··· Dataset content ···

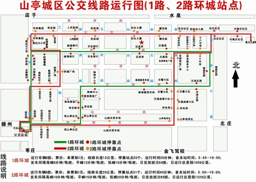 进、出市区线路:枣庄客运中心—德仁俊园—石岭路与北外环路口港湾站—抱犊崮。
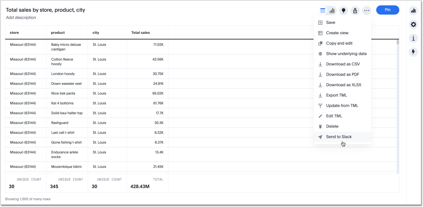 After you receive a notification from Slackbot or email about the request approval, re-initiate the data push workflow by clicking the app action in the ThoughtSpot UI.
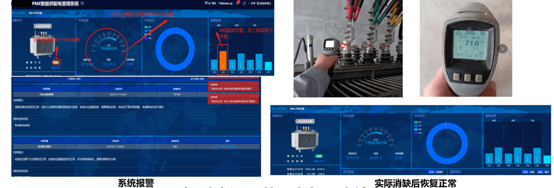 實現(xiàn)效果:實時看護關(guān)鍵設(shè)備,做到溫度異常實時監(jiān)測,故障類型可智能化分析,故障隱患可準確預(yù)警,主動推送設(shè)備報警信息,提示電氣人員快速準確檢修,避免了變壓器過熱燒毀、跳閘引起負載端設(shè)備停機,造成停產(chǎn)損失,保障了系統(tǒng)和設(shè)備的穩(wěn)定運行。
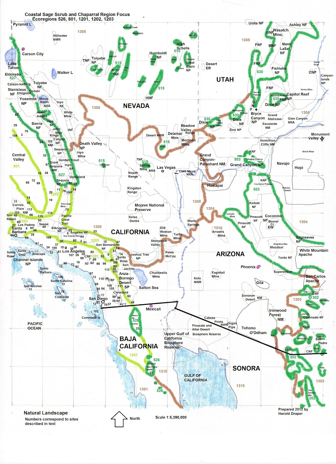 Cahuila Mountain Wilderness, San Bernadino NF, California (site 48). This chaparral-covered area is home to the red diamond rattlesnake. Ecoregion NA1203.

···

What to do:
Output everything in the material exactly. Pictures stay out of it.

Task result:
 进、出市区线路:枣庄客运中心—德仁俊园—石岭路与北外环路口港湾站—抱犊崮。
 After you receive a notification from Slackbot or email about the request approval, re-initiate the data push workflow by clicking the app action in the ThoughtSpot UI.
 實現(xiàn)效果:實時看護關(guān)鍵設(shè)備,做到溫度異常實時監(jiān)測,故障類型可智能化分析,故障隱患可準確預(yù)警,主動推送設(shè)備報警信息,提示電氣人員快速準確檢修,避免了變壓器過熱燒毀、跳閘引起負載端設(shè)備停機,造成停產(chǎn)損失,保障了系統(tǒng)和設(shè)備的穩(wěn)定運行。
 Cahuila Mountain Wilderness, San Bernadino NF, California (site 48). This chaparral-covered area is home to the red diamond rattlesnake. Ecoregion NA1203.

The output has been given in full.